In the listing that follows, find the line with "Punjab state dear", then copy exactly from it through the line with "Chic Alo leggings", leaving out every picture.

• **SUPPLIED ENTRIES**
----

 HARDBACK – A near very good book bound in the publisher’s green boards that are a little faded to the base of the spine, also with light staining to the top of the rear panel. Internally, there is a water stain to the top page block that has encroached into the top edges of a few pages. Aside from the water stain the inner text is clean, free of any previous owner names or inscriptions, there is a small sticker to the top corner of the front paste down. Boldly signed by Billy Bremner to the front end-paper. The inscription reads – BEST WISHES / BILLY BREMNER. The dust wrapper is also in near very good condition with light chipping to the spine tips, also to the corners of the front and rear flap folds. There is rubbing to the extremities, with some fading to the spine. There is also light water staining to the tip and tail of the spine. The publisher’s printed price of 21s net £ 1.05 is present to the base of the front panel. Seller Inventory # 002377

----

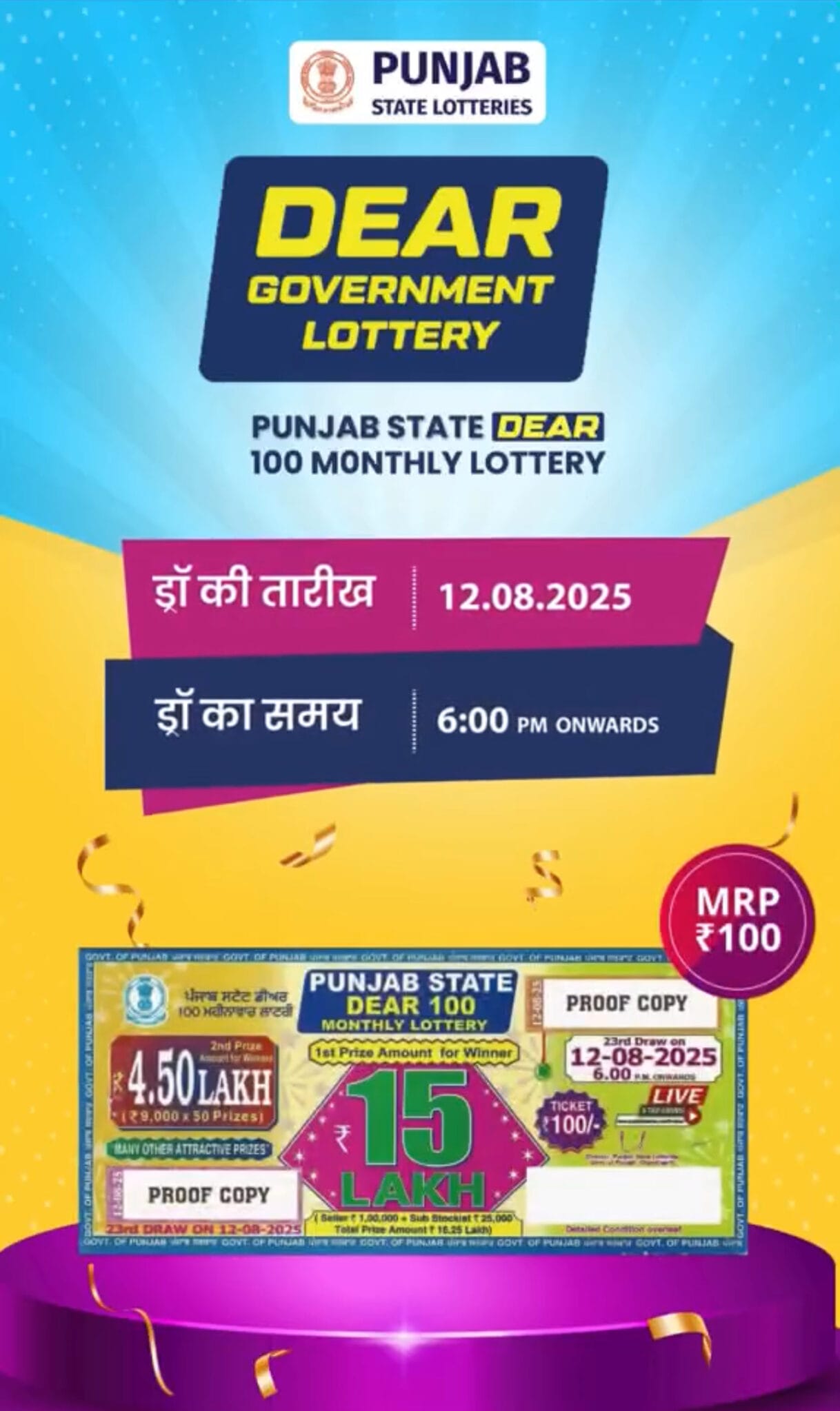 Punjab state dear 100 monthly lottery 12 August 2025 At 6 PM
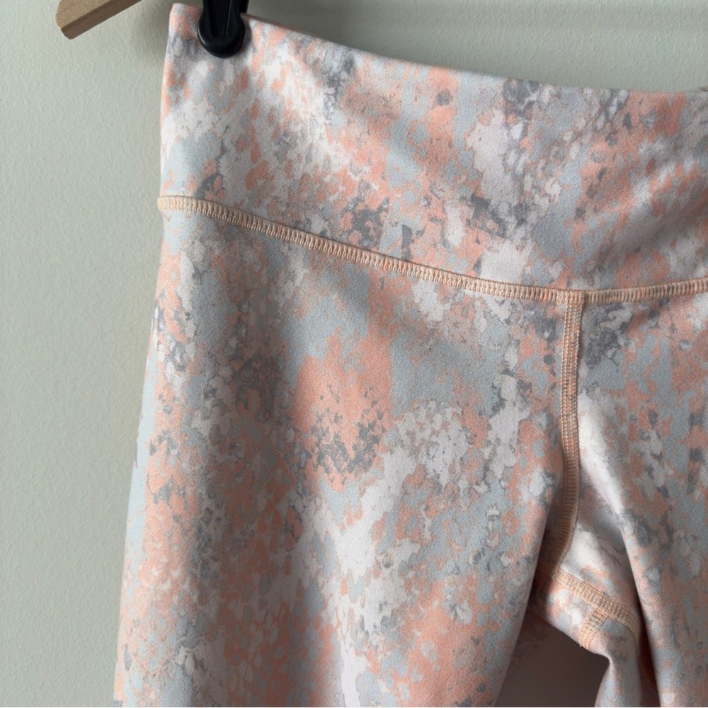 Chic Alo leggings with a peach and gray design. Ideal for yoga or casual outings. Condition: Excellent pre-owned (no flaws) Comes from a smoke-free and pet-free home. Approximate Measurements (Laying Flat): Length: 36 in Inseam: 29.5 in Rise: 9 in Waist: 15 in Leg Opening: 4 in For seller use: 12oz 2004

----

• **WRITTEN RESPONSE**
 Punjab state dear 100 monthly lottery 12 August 2025 At 6 PM
 Chic Alo leggings with a peach and gray design. Ideal for yoga or casual outings. Condition: Excellent pre-owned (no flaws) Comes from a smoke-free and pet-free home. Approximate Measurements (Laying Flat): Length: 36 in Inseam: 29.5 in Rise: 9 in Waist: 15 in Leg Opening: 4 in For seller use: 12oz 2004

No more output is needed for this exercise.